Ceramic materials offer a unique combination of properties that makes them indispensable for meeting the materials requirements for many high technology applications. One of the chief military uses of ceramics is in armor systems. The combination of high hardness, high elastic modulus, and low density that some ceramics offer makes them very effective in defeating small-arms projectiles. Because their properties are retained at high temperatures, ceramics are excellent candidates for heat-engine applications.

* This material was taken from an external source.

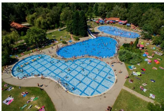
A Fényes Strandfürdő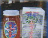
天然無添加 百花はちみつ 交野市 百花はちみつ600g

Large-scale production of ceramic bodies by conventional powder-consolidation methods is somewhat cumbersome because high temperature furnaces (1200° to 1800°C) and relatively long processing times (several hours) are required. As a result, it is difficult to achieve and maintain high productivity. Moreover, solid-state reactions of powder mixtures in high temperature furnaces are often incomplete, allowing unreacted substances to act as impurities and leading to poor-quality products. The Soviets recognized the shortcomings of conventional ceramic-production techniques and, in the early 1970s, initiated several programs to develop better, more cost-effective production methods. These techniques included gas-phase plating, synthesis in a low temperature plasma and shock-wave compression, as well as a new method called self-propagating high temperature synthesis, or "SVS."* The SVS method is a simple, economical process discovered by the Soviets for producing high quality ceramics and other refractory compounds through the exothermic reaction caused by the spontaneous propagation of a combustion wave through the initial reactants. This process - also called gasless combustion, high temperature chain fusion, or spin combustion - is very similar to common thermite reactions and provides the following advantages:
By 1976, 30 different Soviet facilities were engaged in investigating the SVS process as well as studying ceramic products made with this technique. Seventy compounds had been synthesized by 1974, and by the late 1970s, more than 200 ceramics and refractory compounds had been produced. According to the Soviets, practically all known ceramics can be produced by the SVS method. This SVS technology has been distinguished as an outstanding achievement of the Academy of Sciences of the U.S.S.R. and has been hailed as a possible replacement for conventional powder-consolidation methods for producing many refractory materials. In 1980, plans were underway to integrate SVS technology into industrial production. It now appears that MoSi2 heating elements and TiC abrasives are being produced commercially with the SVS process.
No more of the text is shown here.